Airlangga menyebut isu transhipment tidak pernah masuk dalam pembahasan teknis perjanjian dagang dengan AS. Ia optimistis kesepakatan yang sudah diteken tidak akan terpengaruh oleh tuduhan yang dilontarkan Kantor Kebijakan Perdagangan dan Manufaktur Gedung Putih tersebut.
"Sepertinya tidak akan mempengaruhi ART karena ART kan sudah kita tandatangani dan tinggal menunggu proses selanjutnya dari Section 301," kata Airlangga.
Jika dalam proses lanjutan ditemukan hal yang perlu disempurnakan, pemerintah membuka peluang untuk melakukan amandemen sebelum akhirnya diratifikasi kedua negara. "Kalau itu sudah ada penyempurnaan akan ada amandemen, kemudian proses berikutnya adalah ratifikasi masing-masing," jelasnya.
Laporan Gedung Putih menempatkan Indonesia dalam kategori tier 2 sebagai negara dengan industri manufaktur yang terintegrasi dengan Cina dan memiliki ekspor signifikan ke AS, khususnya produk plastik dan turunannya. Kawasan industri Batam dan Bekasi bahkan disebut-sebut menjadi bagian dari jaringan pengalihan barang tersebut.
Klaim itu langsung dibantah keras. Airlangga menegaskan kedua kawasan industri tersebut telah beroperasi sejak era 1990-an dan diisi oleh sektor manufaktur yang legal serta terintegrasi dengan rantai pasok global.
"Kita dapat menyatakan kawasan industri Batam dan Bekasi itu sudah ada sejak tahun 90-an. Dan industri yang ada di sana kebanyakan industri manufaktur," tegasnya.
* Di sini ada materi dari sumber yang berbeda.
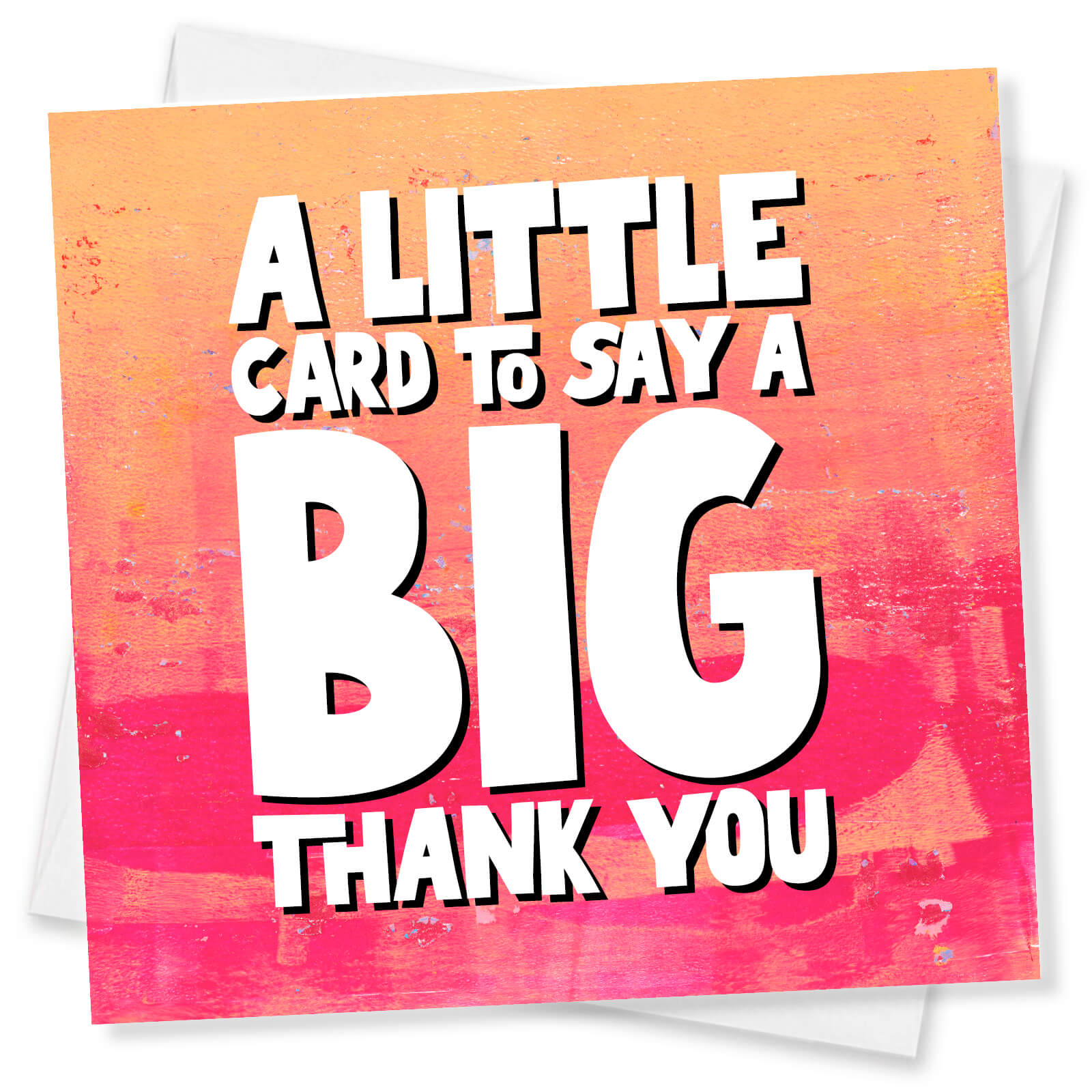 A Little Card to Say a BIG Thank You Bold, playful and straight to the point. This card may be small in size, but it delivers a HUGE message of thanks in classic comic-book style on a vibrant orange-pink backdrop. **Perfect for: Teachers, team members, or a big-hearted thank you moment.

Dalam laporan tersebut, AS menyoroti praktik shadow transhipment network yang melibatkan lebih dari 40 negara. Skema ini diduga digunakan eksportir Cina untuk menghindari tarif tinggi dengan cara memindahkan barang ke negara ketiga sebelum masuk ke pasar AS.
Modus yang digunakan beragam, mulai dari pelabelan ulang, pengemasan ulang, penerbitan faktur baru, pemrosesan minor, hingga klaim negara asal palsu. Praktik ini membuat barang yang tiba di AS tampak berasal dari negara dengan tarif lebih rendah.
Selain Indonesia, laporan tersebut juga menyebut Brasil, Malaysia, Thailand, Turki, dan Vietnam sebagai bagian dari jaringan transhipment global. Namun, Airlangga menegaskan pemerintah tidak pernah dilibatkan atau diberitahu mengenai studi tersebut.
"Indonesia tidak pernah terlibat ataupun diberitahu mengenai adanya studi ini," kata Airlangga di kantor Kemenko Perekonomian, Jakarta Pusat, Kamis (20/8).
Pemerintah kini fokus memantau perkembangan isu ini sambil memastikan iklim investasi dan perdagangan tetap kondusif. Bantahan resmi telah disampaikan, dan langkah diplomasi lanjutan diyakini akan memperjelas posisi Indonesia di mata mitra dagang utama tersebut.